* [Exercise description]: Extract the whole listing as it stands. Do not include the pictures.

* [Supplied information]:
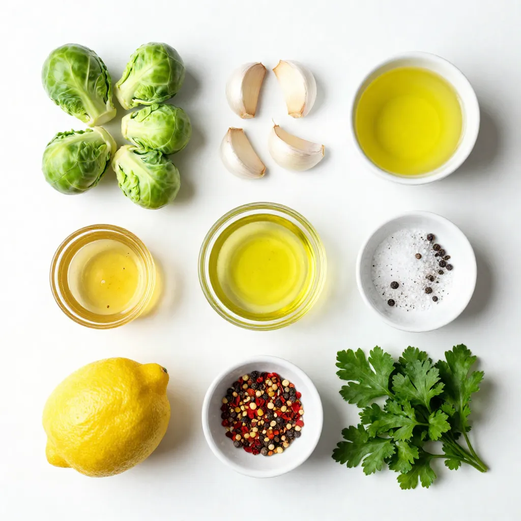 To make Lemon Garlic Roasted Brussels Sprouts, gather these simple ingredients:
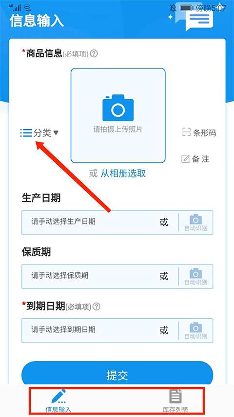 5、接下来进行【生产日期】、【保质期】和【到期日期】的填写,可以手动选择也可以拍照自动识别,这里以【拍照自动识别】为例,
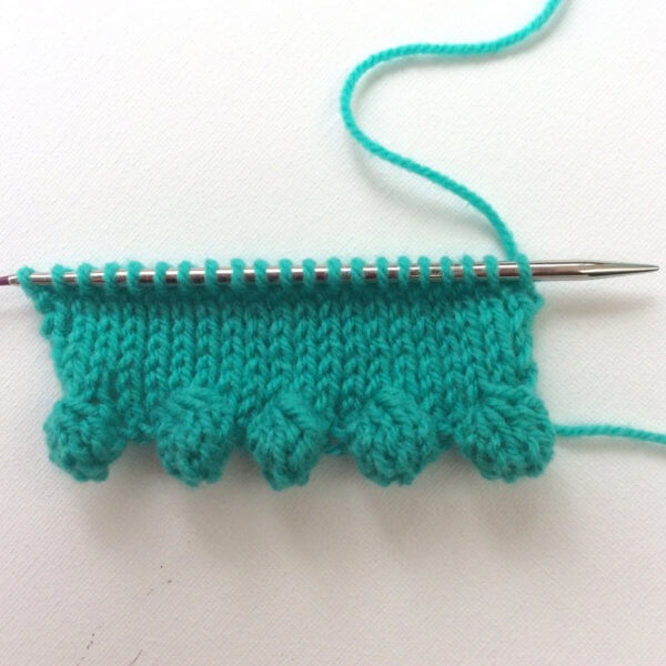 Нужно учитывать, что чем крупнее будут «шишечки», тем больше между ними нужно оставлять петель глади. Например, в данном мастер-классе каждая «шишечка» отделена от соседних тремя петлями.

* [Final answer]:
 To make Lemon Garlic Roasted Brussels Sprouts, gather these simple ingredients:
 5、接下来进行【生产日期】、【保质期】和【到期日期】的填写,可以手动选择也可以拍照自动识别,这里以【拍照自动识别】为例,
 Нужно учитывать, что чем крупнее будут «шишечки», тем больше между ними нужно оставлять петель глади. Например, в данном мастер-классе каждая «шишечка» отделена от соседних тремя петлями.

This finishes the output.